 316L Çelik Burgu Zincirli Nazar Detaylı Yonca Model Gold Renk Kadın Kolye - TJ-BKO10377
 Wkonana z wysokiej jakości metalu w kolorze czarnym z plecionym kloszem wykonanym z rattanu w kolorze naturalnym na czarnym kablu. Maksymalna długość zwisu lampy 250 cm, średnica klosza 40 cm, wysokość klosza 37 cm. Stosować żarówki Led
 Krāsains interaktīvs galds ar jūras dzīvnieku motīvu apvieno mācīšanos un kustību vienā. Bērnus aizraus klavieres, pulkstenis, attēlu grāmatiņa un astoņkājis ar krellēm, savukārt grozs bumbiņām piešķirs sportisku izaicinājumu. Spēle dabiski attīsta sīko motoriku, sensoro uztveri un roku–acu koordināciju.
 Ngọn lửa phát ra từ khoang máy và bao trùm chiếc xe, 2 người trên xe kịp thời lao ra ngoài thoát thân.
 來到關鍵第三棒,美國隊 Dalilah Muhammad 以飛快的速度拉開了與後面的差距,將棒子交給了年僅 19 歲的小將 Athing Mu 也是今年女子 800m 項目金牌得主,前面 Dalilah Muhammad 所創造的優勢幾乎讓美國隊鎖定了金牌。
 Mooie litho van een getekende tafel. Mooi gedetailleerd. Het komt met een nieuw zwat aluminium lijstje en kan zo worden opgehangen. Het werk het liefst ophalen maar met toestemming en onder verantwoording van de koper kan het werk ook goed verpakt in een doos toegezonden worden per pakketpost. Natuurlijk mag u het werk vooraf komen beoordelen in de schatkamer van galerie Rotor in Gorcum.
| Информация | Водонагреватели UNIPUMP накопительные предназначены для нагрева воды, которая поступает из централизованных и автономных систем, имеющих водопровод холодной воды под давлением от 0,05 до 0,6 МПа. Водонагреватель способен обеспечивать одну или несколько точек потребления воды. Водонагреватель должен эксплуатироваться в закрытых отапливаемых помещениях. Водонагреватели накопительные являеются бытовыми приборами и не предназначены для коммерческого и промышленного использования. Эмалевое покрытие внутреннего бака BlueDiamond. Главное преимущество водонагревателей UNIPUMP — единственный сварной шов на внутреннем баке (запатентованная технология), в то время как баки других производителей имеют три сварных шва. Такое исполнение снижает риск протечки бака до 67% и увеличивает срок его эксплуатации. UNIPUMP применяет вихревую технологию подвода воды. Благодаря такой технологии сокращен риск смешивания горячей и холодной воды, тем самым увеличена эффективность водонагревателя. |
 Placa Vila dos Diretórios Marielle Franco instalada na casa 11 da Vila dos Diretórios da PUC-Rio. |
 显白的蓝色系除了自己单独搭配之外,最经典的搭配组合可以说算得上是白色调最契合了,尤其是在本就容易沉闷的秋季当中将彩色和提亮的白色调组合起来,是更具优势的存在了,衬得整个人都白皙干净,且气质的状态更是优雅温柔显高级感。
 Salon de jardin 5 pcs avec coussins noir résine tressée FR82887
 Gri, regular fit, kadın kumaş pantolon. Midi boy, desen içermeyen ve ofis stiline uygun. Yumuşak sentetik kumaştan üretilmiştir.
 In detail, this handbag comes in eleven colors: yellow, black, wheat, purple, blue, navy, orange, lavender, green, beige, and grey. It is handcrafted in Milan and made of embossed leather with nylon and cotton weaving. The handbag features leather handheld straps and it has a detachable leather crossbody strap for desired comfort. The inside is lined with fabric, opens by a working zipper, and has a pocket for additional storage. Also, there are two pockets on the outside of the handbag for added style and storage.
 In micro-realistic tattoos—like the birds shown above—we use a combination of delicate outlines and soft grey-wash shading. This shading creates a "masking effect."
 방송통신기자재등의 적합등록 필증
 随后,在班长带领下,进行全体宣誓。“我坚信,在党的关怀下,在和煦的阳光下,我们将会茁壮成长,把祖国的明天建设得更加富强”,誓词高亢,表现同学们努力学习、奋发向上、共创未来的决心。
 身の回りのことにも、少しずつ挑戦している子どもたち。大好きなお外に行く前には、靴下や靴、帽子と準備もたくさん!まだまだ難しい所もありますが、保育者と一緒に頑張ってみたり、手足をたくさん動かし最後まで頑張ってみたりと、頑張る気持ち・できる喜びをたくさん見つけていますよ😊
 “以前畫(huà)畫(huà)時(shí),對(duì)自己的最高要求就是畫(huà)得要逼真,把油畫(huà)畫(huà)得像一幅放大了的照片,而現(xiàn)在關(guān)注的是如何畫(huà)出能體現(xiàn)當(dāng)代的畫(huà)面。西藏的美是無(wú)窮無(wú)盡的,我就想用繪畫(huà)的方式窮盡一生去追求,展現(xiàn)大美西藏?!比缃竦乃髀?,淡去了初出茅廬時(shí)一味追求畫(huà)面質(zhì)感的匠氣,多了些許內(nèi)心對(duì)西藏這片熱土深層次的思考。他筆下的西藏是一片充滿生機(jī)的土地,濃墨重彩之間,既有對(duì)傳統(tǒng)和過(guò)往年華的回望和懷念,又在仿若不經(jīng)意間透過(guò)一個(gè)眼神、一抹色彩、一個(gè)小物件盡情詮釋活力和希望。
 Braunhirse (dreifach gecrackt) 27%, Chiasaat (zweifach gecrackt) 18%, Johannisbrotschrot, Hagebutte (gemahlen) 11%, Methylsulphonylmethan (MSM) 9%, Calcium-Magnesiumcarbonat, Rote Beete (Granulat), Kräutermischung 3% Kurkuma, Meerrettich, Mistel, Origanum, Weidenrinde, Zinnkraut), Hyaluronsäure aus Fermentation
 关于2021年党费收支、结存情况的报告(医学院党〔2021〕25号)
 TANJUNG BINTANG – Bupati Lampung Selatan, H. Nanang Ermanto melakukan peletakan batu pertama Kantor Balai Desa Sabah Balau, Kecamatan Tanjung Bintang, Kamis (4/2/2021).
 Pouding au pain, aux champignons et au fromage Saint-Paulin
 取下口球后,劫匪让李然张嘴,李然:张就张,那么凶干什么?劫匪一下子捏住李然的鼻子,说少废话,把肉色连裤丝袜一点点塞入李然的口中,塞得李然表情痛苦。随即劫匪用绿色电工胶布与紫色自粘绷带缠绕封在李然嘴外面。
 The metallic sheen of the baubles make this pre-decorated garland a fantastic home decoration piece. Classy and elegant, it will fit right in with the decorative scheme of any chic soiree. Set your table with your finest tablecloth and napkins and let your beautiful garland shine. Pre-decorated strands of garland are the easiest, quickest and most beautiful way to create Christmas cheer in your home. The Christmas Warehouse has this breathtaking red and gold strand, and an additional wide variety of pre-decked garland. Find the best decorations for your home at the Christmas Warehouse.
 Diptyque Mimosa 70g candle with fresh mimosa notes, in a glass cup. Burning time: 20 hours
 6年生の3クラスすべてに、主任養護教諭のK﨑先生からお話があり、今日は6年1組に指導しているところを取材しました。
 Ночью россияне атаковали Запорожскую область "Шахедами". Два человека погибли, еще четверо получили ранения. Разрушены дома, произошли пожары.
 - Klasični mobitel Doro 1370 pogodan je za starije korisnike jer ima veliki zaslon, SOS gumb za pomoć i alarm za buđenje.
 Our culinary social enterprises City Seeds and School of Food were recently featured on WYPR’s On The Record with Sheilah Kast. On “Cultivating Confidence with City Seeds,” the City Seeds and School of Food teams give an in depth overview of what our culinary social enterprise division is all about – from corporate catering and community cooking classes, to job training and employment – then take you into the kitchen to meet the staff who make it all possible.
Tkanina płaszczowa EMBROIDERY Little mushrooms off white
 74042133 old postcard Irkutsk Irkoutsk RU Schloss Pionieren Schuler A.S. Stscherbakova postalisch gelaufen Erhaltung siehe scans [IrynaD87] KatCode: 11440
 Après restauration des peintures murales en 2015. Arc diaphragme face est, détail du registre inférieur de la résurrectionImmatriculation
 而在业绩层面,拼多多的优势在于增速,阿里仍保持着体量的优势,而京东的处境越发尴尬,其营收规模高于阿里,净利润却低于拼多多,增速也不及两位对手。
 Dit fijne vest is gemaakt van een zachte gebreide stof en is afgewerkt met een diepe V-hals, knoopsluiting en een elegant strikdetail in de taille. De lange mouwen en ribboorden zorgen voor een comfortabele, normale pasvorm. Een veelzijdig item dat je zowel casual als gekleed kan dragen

## Directions for this task
Each line in the material above that mentions the word "elegant" must be copied.

## Expected output
 The metallic sheen of the baubles make this pre-decorated garland a fantastic home decoration piece. Classy and elegant, it will fit right in with the decorative scheme of any chic soiree. Set your table with your finest tablecloth and napkins and let your beautiful garland shine. Pre-decorated strands of garland are the easiest, quickest and most beautiful way to create Christmas cheer in your home. The Christmas Warehouse has this breathtaking red and gold strand, and an additional wide variety of pre-decked garland. Find the best decorations for your home at the Christmas Warehouse.
 Dit fijne vest is gemaakt van een zachte gebreide stof en is afgewerkt met een diepe V-hals, knoopsluiting en een elegant strikdetail in de taille. De lange mouwen en ribboorden zorgen voor een comfortabele, normale pasvorm. Een veelzijdig item dat je zowel casual als gekleed kan dragen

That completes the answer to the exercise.